Can you tell if she has been peeing? Is it possible she is drinking and its just hard to tell because its a little amount? These are just two things that I can think of off hand. If she is peeing it may be possible she is drinking but its just hard to tell. Since she is still new she may not be willing to drink in front of you. These are just some things to rule out but you may have already have. If she is truly not drinking though you will want to make sure she goes to the vet.


----------



## Puffers315

Make a mark on the bottle and bowl and fill the water to the mark (using something like a non-toxic marker). This way if they do drink, you'll be able to tell.

Also an abrupt change in her diet such as switching food can cause an upset stomach, which might be why she might not be drinking as much as she would. "Hedgehog Food" is utter crap, I would still pick up a supply but I would slowly start changing her over to a healthier diet. Food branded as Hedgehog Food tends to be crap because its either just repackaged rodent food or its formulated for Euro-Hedgehogs, which have a different diet than our AP Hedgehogs. Everyone here free feeds their hogs a mixture of several 'recommended' cat foods.

viewtopic.php?f=6&t=15

This is the topic on recommended cat foods. What you do is slowly add the new food to her mix, say if she gets 100 pieces of kibble, you start off with 5 pieces, make sure she eats them, and then slowly add more and more of the new stuff and less and less of the old stuff. This way they can adjust to the change and won't get an upset stomach.

If you haven't checked her poop, green poop is a sign of stress and upset stomachs.

Hogs in a new home can be very shy and timid, even if they were not from the pet store or breeders, its due to the change in home. If she doesn't get 'total darkness' at night, you might try that, some hogs are not fans of having any kind of light, so she might be acting shy due to the new home and it might make her feel better to be under the cover of darkness.

If she isn't drinking and you're able to handle her, if you can pinch her skin, you can tell if she's dehydrated or not.
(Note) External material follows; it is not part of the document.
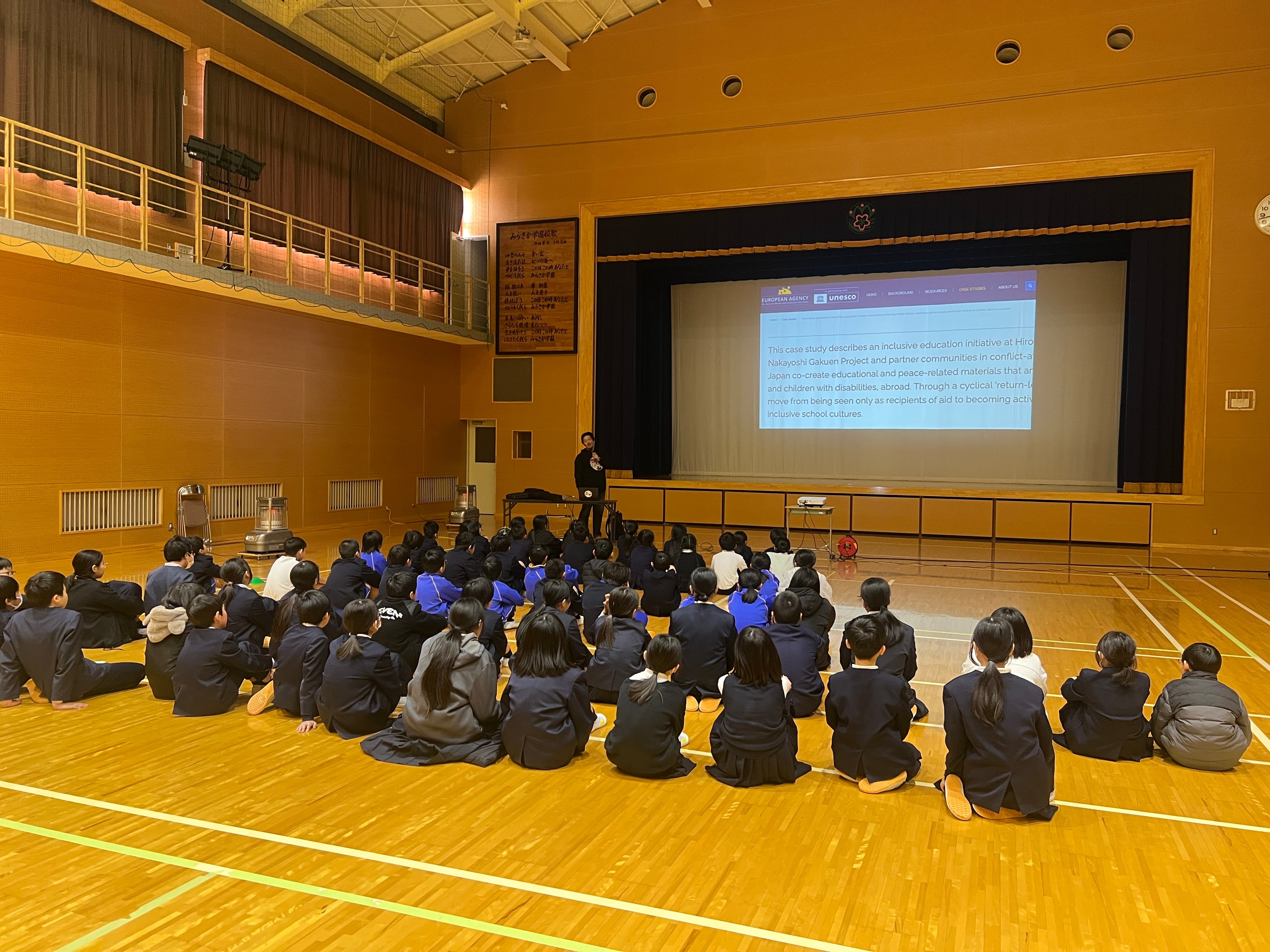 特定非営利活動法人なかよし学園プロジェクト(代表:中村雄一)は、2026年3月2日、広島県三次市の三良坂学園小中学校において、「世界とつながる学び」3R-Forum講演会を開催しました。今回の講演会では、これまで三良坂学園の児童生徒が取り組んできた海外とつながる探究活動をふり返るとともに、代表・中村雄一が、紛争や貧困の現場で実際に子どもたちの学びが活かされている様子を伝え、

When a hog (and people) are dehyrated, the skin won't 'snap back' as quickly, the skin should snap back and smooth out quickly. If she isn't drinking, you may have to syringe feed her some water.


----------



## waudrey

UPDATE: i just switched her food yesterday, and it seems to be doing alot better, went from blue buffalo cat food to "pretty pets" hedgehog food, she's drinking her water (i caught her  ) and her poop seems to be brown now and not all mushy and gross :x thanks everyone!


----------



## LarryT

waudrey said:


> UPDATE: i just switched her food yesterday, and it seems to be doing alot better, went from blue buffalo cat food to "pretty pets" hedgehog food, she's drinking her water (i caught her  ) and her poop seems to be brown now and not all mushy and gross :x thanks everyone!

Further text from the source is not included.